Building materials company CRH, gaming giant Flutter Entertainment, packaging supplier Smurfit Kappa and travel group Tui are among the companies that have shifted their main listings to the U.S. in recent months.
However, there are signs that the British stock market is beginning to regain ground. The FTSE 100 has risen by 4.2 percentage points in the last month, while the S&P 500 has risen by 3.1 percentage points.
Although there are signs of lingering inflation, prompting the market to cut hopes for a quick Fed rate cut, investor confidence remains strong.
Data released on Friday showed that the Fed's favored inflation rate for personal consumption expenditures (PCE) was 2.5 percentage points in February, up 0.1 percentage points from the previous month.
The figure was in line with expectations due to the impact of higher fuel prices. However, it was still 2 percentage points above the central bank's target.
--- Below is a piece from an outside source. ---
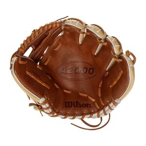 Premium brown leather glove. Red and white detailing. Ideal for baseball enthusiasts.

Speaking at a meeting of the San Francisco Fed on Friday, San Francisco Fed matriarch Jerome Powell said the latest data were "basically in line with our expectations," adding that "we don't need to be worried about growth: "We don't need to rush into cuts."
Fed officials have signaled three rate cuts in 2024, and markets expect the central bank to begin easing monetary policy in June.
Michael Pearce of Oxford Economics said: 'The easing of labor market conditions, stable inflation expectations, and the possibility of future rental deflation lead us to believe that the inflation trend will remain slightly lower this year.
"This should be enough to give the Fed the confidence to start removing some of the tightening later this year, and as much as possible, the tutelage of the economy means that policymakers are in no hurry."
Dan Coatsworth, investment analyst at AJ Bell, says: "Investor sentiment has improved over the past six months thanks to growing expectations of central bank rate cuts.
"Investors are happy to take on more risk, partly driven by lower interest rates on cash savings, which has prompted more people to invest in equities in search of better returns.
"This confidence helps push valuations higher, but it also raises the prospect that if inflation is firmer than expected and the Fed fails to adjust monetary policy soon, then the market may find it difficult to continue its upward march."